Range to repeat from the listing below: the line containing "Eustoma white - 20" down to the line containing "Per attrarre tutti, ha", both included. Copy it exactly, pictures excluded, and add nothing else.

## DATA FOR THIS EXERCISE
>>>>
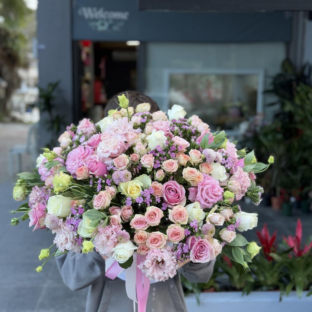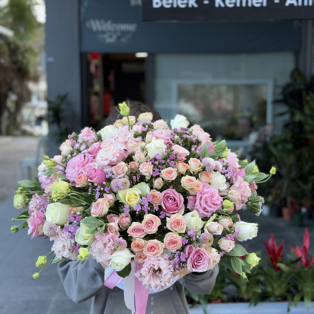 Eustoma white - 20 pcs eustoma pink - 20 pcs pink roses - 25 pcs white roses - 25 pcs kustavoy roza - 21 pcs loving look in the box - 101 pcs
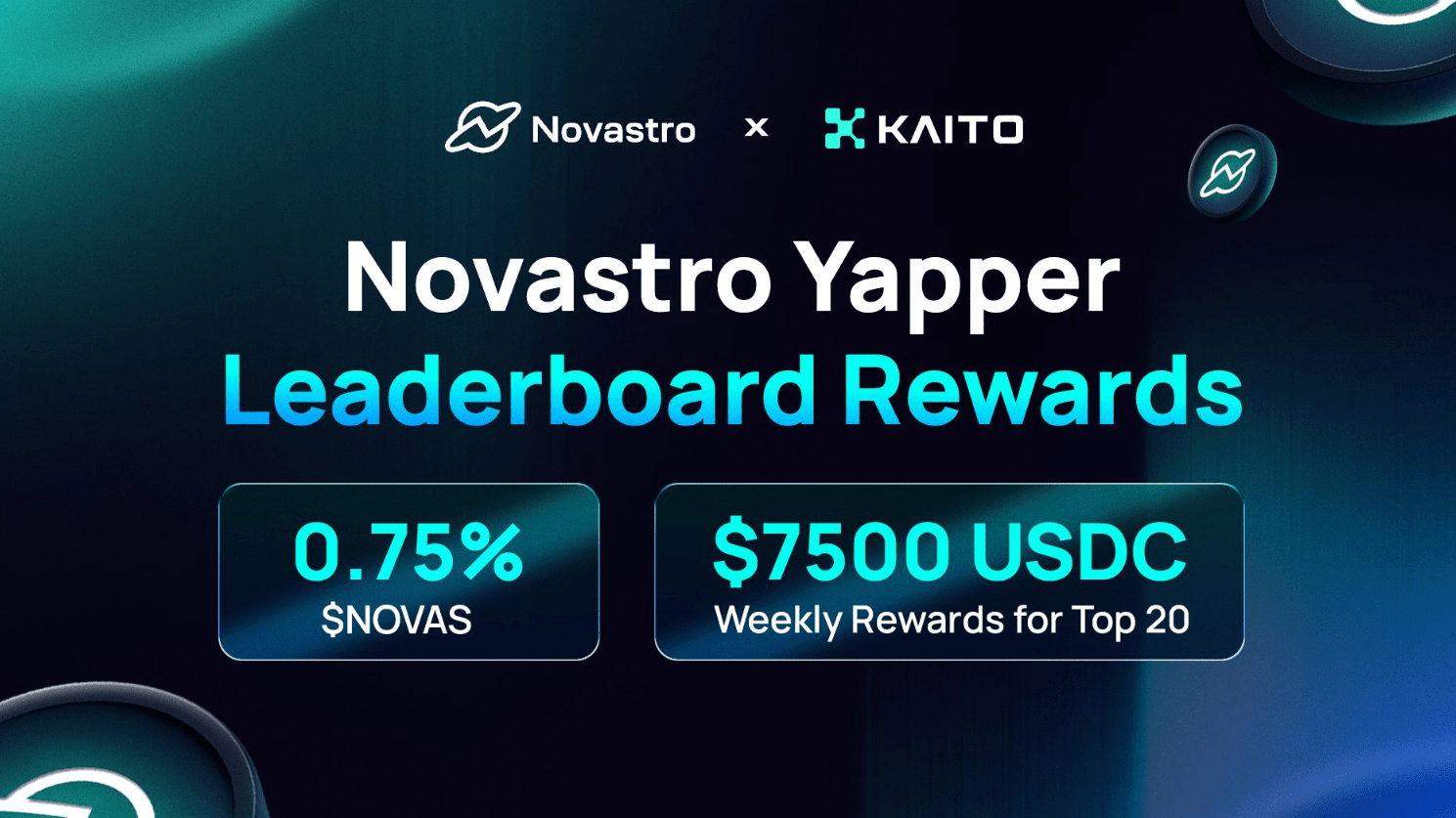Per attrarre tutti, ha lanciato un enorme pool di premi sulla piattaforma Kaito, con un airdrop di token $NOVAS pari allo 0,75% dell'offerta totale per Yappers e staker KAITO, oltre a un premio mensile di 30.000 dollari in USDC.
<<<<
>>>>
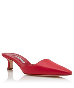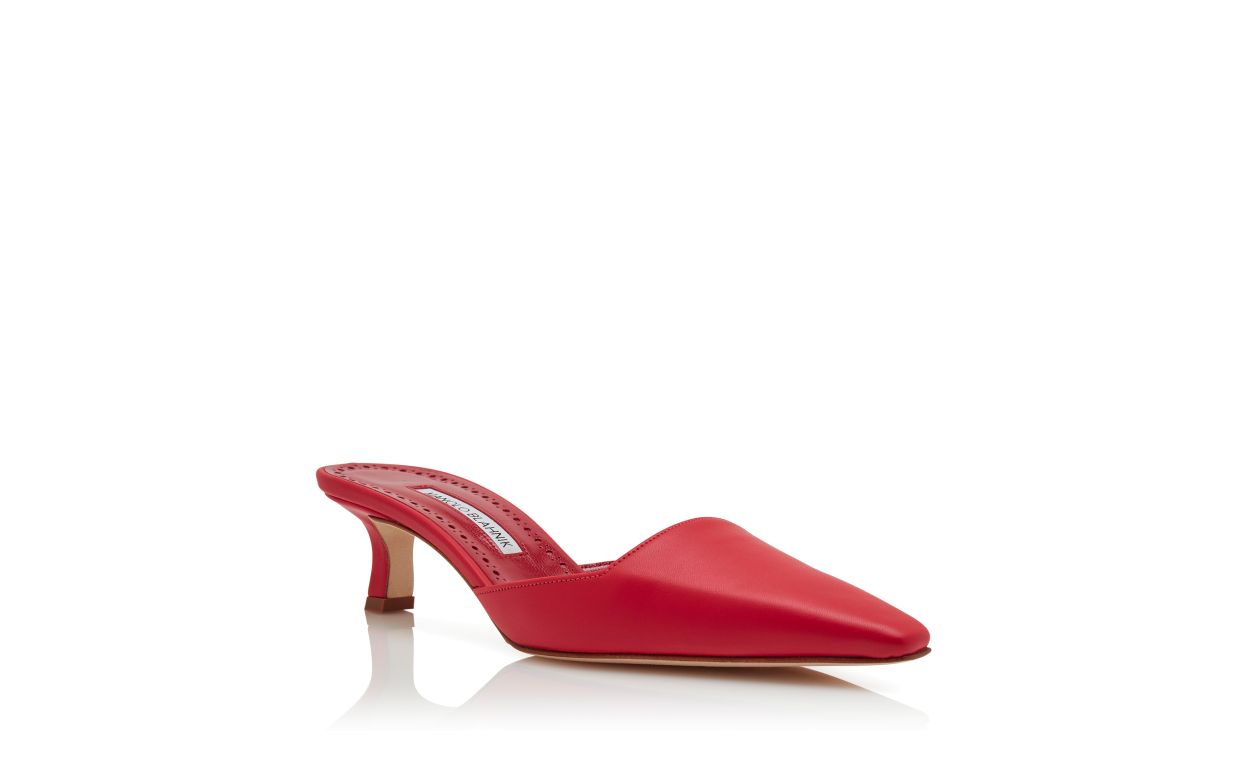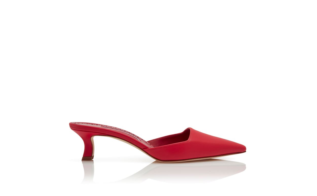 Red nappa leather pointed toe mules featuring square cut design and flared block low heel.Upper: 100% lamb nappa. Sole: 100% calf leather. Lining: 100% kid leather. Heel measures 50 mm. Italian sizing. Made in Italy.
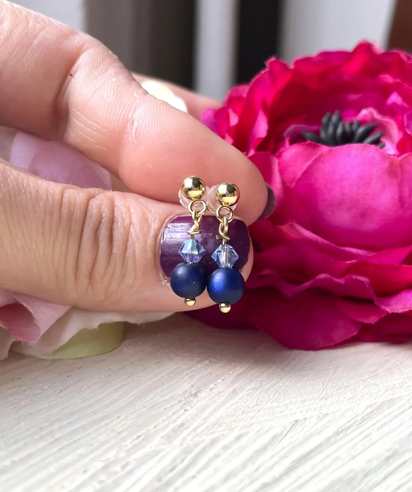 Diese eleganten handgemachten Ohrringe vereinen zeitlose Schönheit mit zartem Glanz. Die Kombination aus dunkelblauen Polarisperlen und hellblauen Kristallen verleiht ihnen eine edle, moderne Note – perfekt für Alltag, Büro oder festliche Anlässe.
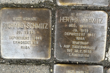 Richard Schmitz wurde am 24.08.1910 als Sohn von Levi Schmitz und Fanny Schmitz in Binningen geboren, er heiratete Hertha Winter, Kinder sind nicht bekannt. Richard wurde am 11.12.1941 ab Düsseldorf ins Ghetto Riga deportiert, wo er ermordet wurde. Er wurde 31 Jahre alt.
<<<<
## EXERCISE OUTPUT
 Eustoma white - 20 pcs eustoma pink - 20 pcs pink roses - 25 pcs white roses - 25 pcs kustavoy roza - 21 pcs loving look in the box - 101 pcs
Per attrarre tutti, ha lanciato un enorme pool di premi sulla piattaforma Kaito, con un airdrop di token $NOVAS pari allo 0,75% dell'offerta totale per Yappers e staker KAITO, oltre a un premio mensile di 30.000 dollari in USDC.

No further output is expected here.